C’est progressivement que la peinture devient sculpture. L’artiste engage sa réflexion en peignant à l’aide d’une épaisse résine et par larges touches une toile montée sur châssis. L’œuvre est monochrome, abstraite. Ce qui importe ce n’est pas tant ce qui est représenté que le jeu de la lumière dans les stries de la matière. (Ce n’est pas un hasard si Bruno Bossut est transporté par le travail de Van Gogh et Soulages.) La lumière révèle un volume, on sort alors d’une surface plane pour s’approcher de la troisième dimension.

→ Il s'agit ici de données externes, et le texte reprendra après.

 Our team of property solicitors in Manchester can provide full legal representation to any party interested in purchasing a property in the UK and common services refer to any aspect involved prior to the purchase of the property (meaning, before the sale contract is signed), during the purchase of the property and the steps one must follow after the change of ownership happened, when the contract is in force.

Le créateur décide de faire de ses toiles des moules en silicone qu’il déforme pour produire un objet unique dans son volume, mais identique dans sa surface, et passer ainsi d’une pièce à présenter au mur à une sculpture à poser sur un socle. Pour le spectateur cela signifie sortir d’une immobilité contemplative et entrer dans une sorte de chorégraphie révélant les contours de l’œuvre. Deux mouvements s’opèrent : le médium peinture est évacué au profit de la sculpture ; l’objet manufacturé en fibre de verre prend la place de l’objet réel (une toile montée sur châssis).

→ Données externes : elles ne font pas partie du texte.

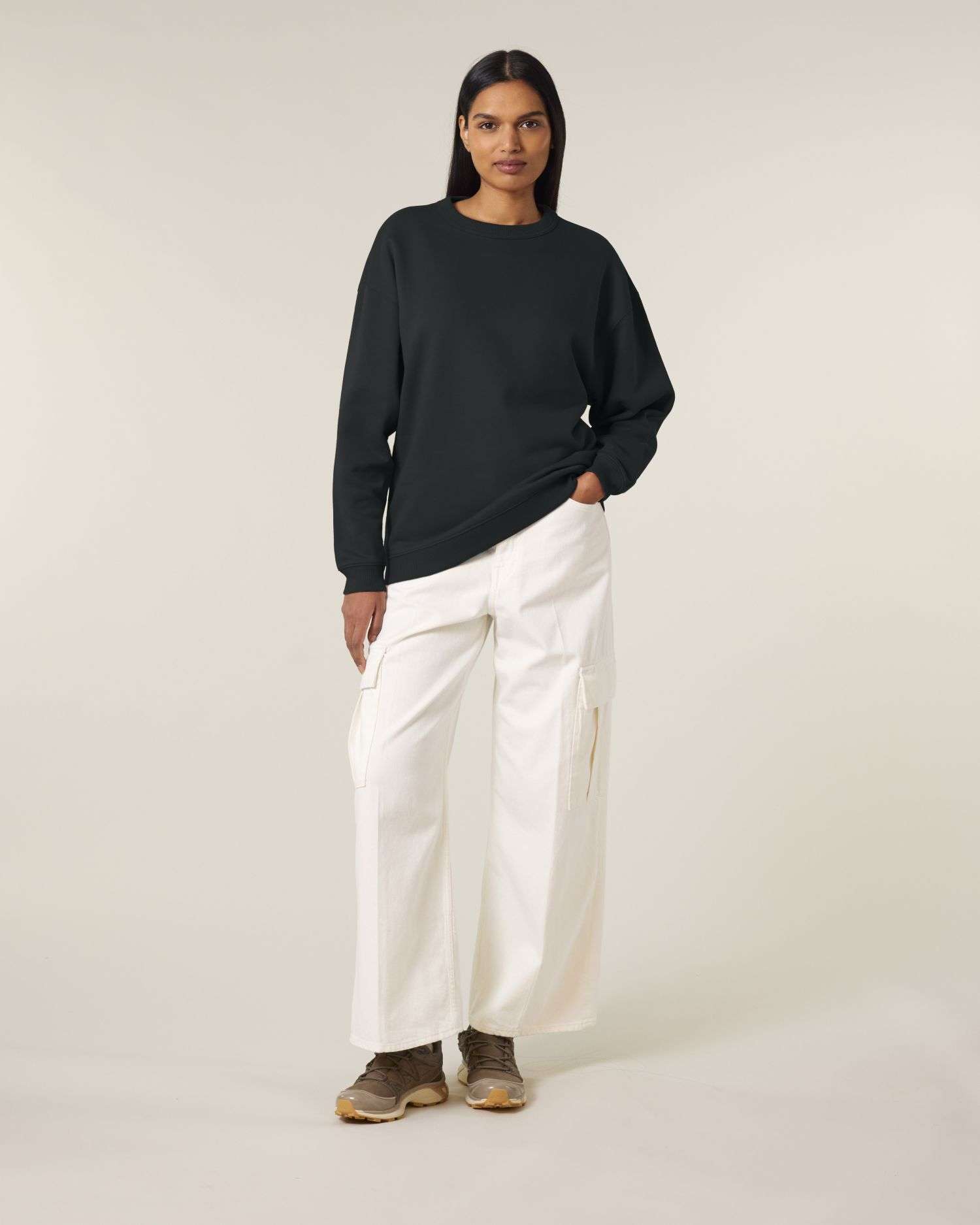 Maniche montateSpalle sceseCostine 1x1 su colletto, orli delle maniche e orlo inferioreCuciture con doppio ago su tutte le cucitureNastro gros grain interno al colloMezzaluna interna in tessuto

Aimant particulièrement briser les limites du réel et rendre possible ce qui normalement ne l’est pas, le plasticien s’attaque à la déformation d’objets et en particulier de miroirs. Il en réalise des moules qu’il déforme et, grâce à une peinture au chrome et une dorure, simule les propriétés d’un verre miroir et sa moulure en bois. L’image du regardeur, prise dans ce cadre, devient tableau mouvant soumis aux altérations du miroir. Le spectateur a beau livrer intacte sa silhouette, l’objet lui renvoie tout autre chose. Le réel est comme travesti. Une nouvelle fois, seule l’interaction anime complètement l’objet, à la manière d’un jeu qu’il faut manipuler pour en dévoiler tous les aspects.

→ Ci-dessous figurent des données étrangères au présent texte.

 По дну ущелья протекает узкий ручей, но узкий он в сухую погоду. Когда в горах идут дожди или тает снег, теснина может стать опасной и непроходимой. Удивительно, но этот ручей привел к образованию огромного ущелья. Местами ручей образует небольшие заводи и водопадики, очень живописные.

Collectionneur de mobilier design des années 70, Bruno Bossut en réalise des répliques par la fabrication d’un moule. Ce dernier devient alors l’équivalent d’une toile vierge sur laquelle l’artiste applique la résine teintée comme le peintre peint sa toile. La gestuelle adoptée est pensée pour souligner les courbes de l’objet. Pour le créateur, il ne s’agit pas de modifier son statut — il conserve sa fonction d’assise ou de table — mais bien de lui adjoindre une dimension supplémentaire. L’usager navigue alors entre design, sculpture et peinture. Les quatre fauteuils et la table basse du set « Chacun sa place » sont comme les pièces d’un puzzle qui, une fois correctement assemblées, forment une composition picturale en volume et fonction- nelle. Le choix de couleurs vives relève de l’intuition du plasticien, quand la production est le résultat de processus et savoir-faire parfaitement maîtrisés. Liberté, surréalisme et humour parcourent l’œuvre de Bruno Bossut qui fait tomber les frontières entre différents domaines de la création.